Problem: as flatness increases, dimensional issues arise with fit /
function at machining. We try to keep the flatness of our parts below
0.50mm, and issues arise after 0.65mm. Rework is sometimes an option,
but this depends on the amount of the defect produced.
There are actually 2 factors involved: soldering of core pins and
furnace temperature, and furnace temperature having the most dramatic
impact on flatness variation.
We strive to keep our furnace temperature around 1190 degrees. The
correlation between furnace temperature and flatness was discovered by
accident, one day we were fighting an unusually high flatness of .90mm
to 1.2mm, we were making junk! We were 'assuming' the solder on the core
pins was our only issue, we polished them up, still 0.9mm, then we
discovered the furnace was at 1222 degrees!
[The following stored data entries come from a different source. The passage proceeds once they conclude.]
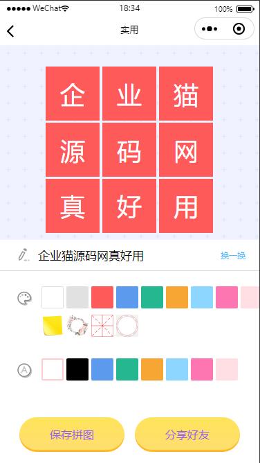 主要功能有文字九格、头像挂件生成、爆趣九宫格、形状九宫格、创意长图、情侣头像、猫狗交流器。 这个QQ微信小程序源码是纯前端的,基本上拿去就可以用,不过好像调用了很多API,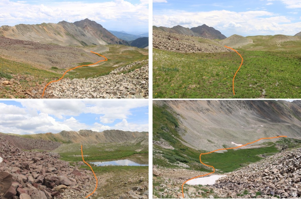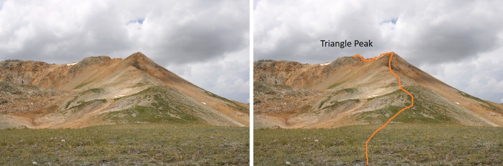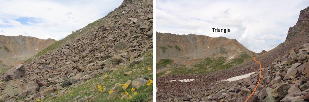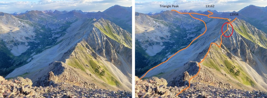 I’d thought about summiting a few more peaks in the area, but as you can tell from the picture above, the weather was moving in, and I wanted to get back below treeline. Here’s the route I took out of the basin. Basically I made my way to where the maroon rocks met the tundra, and followed the rocks out of the basin. The dotted line is my route from 13162 to the saddle of Triangle Peak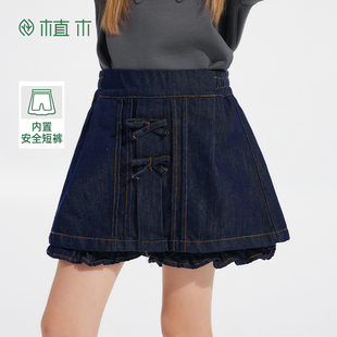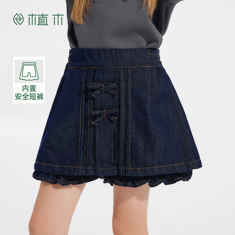 儿童牛仔半裙 中大童甜酷假两件裙裤 植木童装 女童裙子2025秋冬新款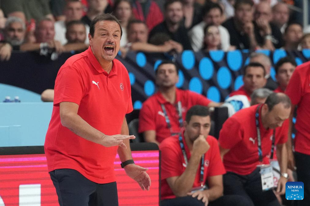 Head coach of Türkiye Ergin Ataman (L) reacts during the FIBA EuroBasket 2025 final match between Germany and Türkiye in Riga, Latvia, on Sept. 14, 2025. (Photo by Edijs Palens/Xinhua)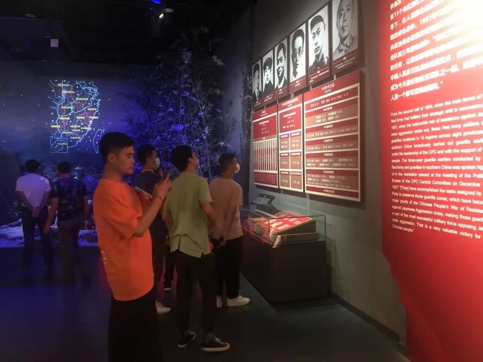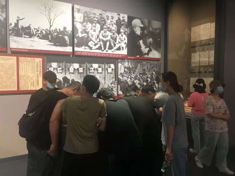 在講解員的帶領(lǐng)下,同學(xué)們徐徐地步入紀(jì)念館內(nèi),參觀學(xué)習(xí)了新四軍的發(fā)展史主題陳列,展館內(nèi)一件件珍貴的革命歷史文物,一張張革命英烈的照片,將大家引入到了那段艱苦奮斗、頑強(qiáng)拼搏的抗日戰(zhàn)爭(zhēng)歲月中去。館內(nèi)的許多壁畫(huà),形象直觀地向大家展示了戰(zhàn)爭(zhēng)的激烈場(chǎng)景。戰(zhàn)爭(zhēng)是殘酷的、無(wú)情的,它侵害的是一個(gè)個(gè)無(wú)辜的老百姓的生命,使人民生活在水深火熱之中。為了人民的幸福生活,一代代共產(chǎn)黨人、一輩輩革命先烈拋頭顱、灑熱血,前赴后繼,無(wú)怨無(wú)悔。面對(duì)大無(wú)畏的英雄史詩(shī),同學(xué)們紛紛表示:我們一定要銘記歷史,珍惜今天來(lái)之不易的美好生活,反對(duì)戰(zhàn)爭(zhēng),維護(hù)和平。江山就是人民,人民就是江山,共產(chǎn)黨打江山、守江山,守的就是人民的心。立足百年征程,我們要認(rèn)認(rèn)真真開(kāi)展黨史學(xué)習(xí),不忘黨的初心和使命,做到學(xué)史明理、學(xué)史增信、學(xué)史崇德、學(xué)史力行,學(xué)黨史、悟思想、辦實(shí)事、開(kāi)新局,不斷增強(qiáng)“四個(gè)意識(shí)”,堅(jiān)定“四個(gè)自信”,做到“兩個(gè)維護(hù)”,聽(tīng)黨話,感黨恩,跟黨走。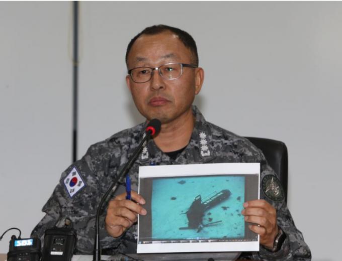 ▲ 제병렬 해군특수전단 참모장(대령)이 4일 오후 강원 동해시 동해지방해양경찰청 3층 대회의실 브리핑실에서 독도 해상에 수심 78m에 가라앉은 동체와 블랙박스, 보이스레코더 장치 수색 계획에 대해서 설명을 하고 있다. [뉴시스]
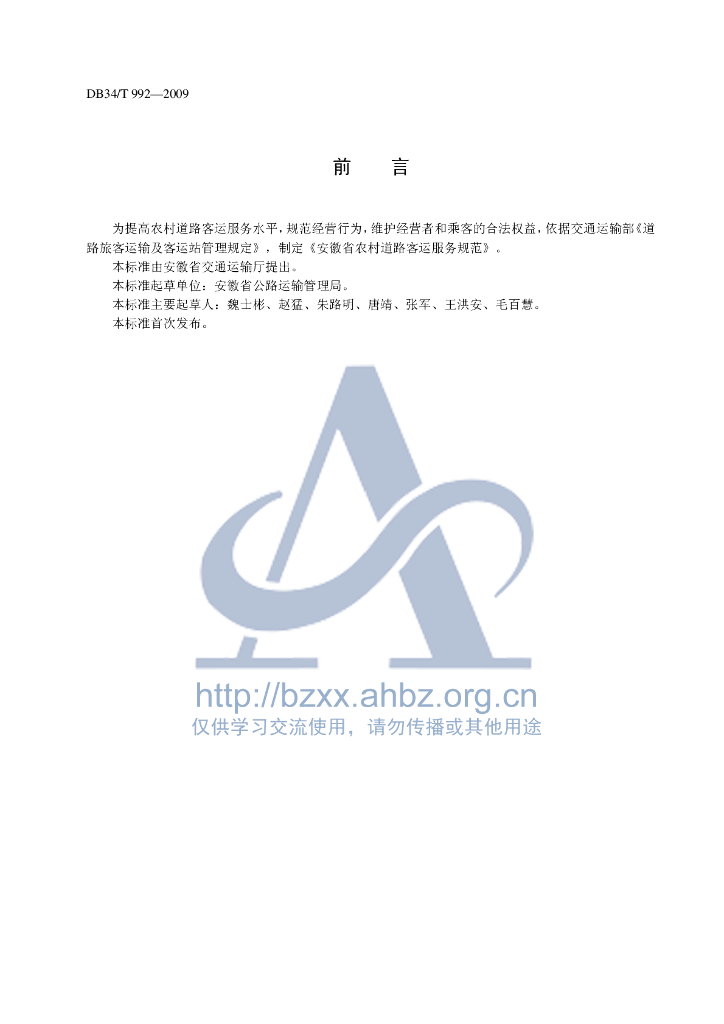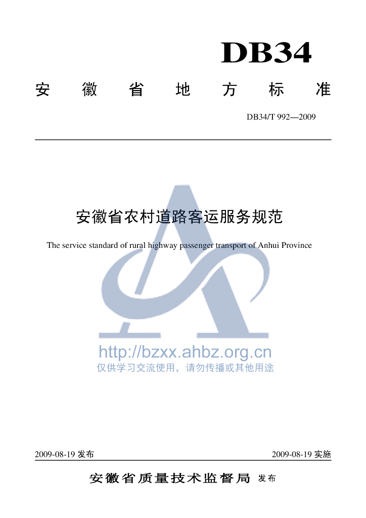 DB34/T 992-2009 安徽省农村道路客运服务规范
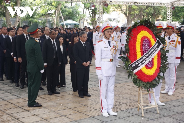 Banyak negera termasuk Laos, Tiongkok, Kamboja, Kuba, Republik Korea, Australia, dan sebagainya telah mengirim delegasi tingkat tinggi datang untuk berziarah dan menghadiri upacara belasungkawa Sekjen Nguyen Phu Trong.

We tossed some ingots in the
furnace and dip well and got it down to 1190 again, the flatness came
down to 0.6mm with that single adjustent. Still out of spec, but the
parts were useable.
Is there any ideas to help with furnace temp variation? We have all
sorts of variation in our die casting process, biscuit thickness is
another one. High variation in biscuit thickness brings about a whole
new dimension of quality issues, non-fill, intensification problems,
shotspeed variation, flowlines, shink porosity. Any ideas?
Thanks, Quality Control
.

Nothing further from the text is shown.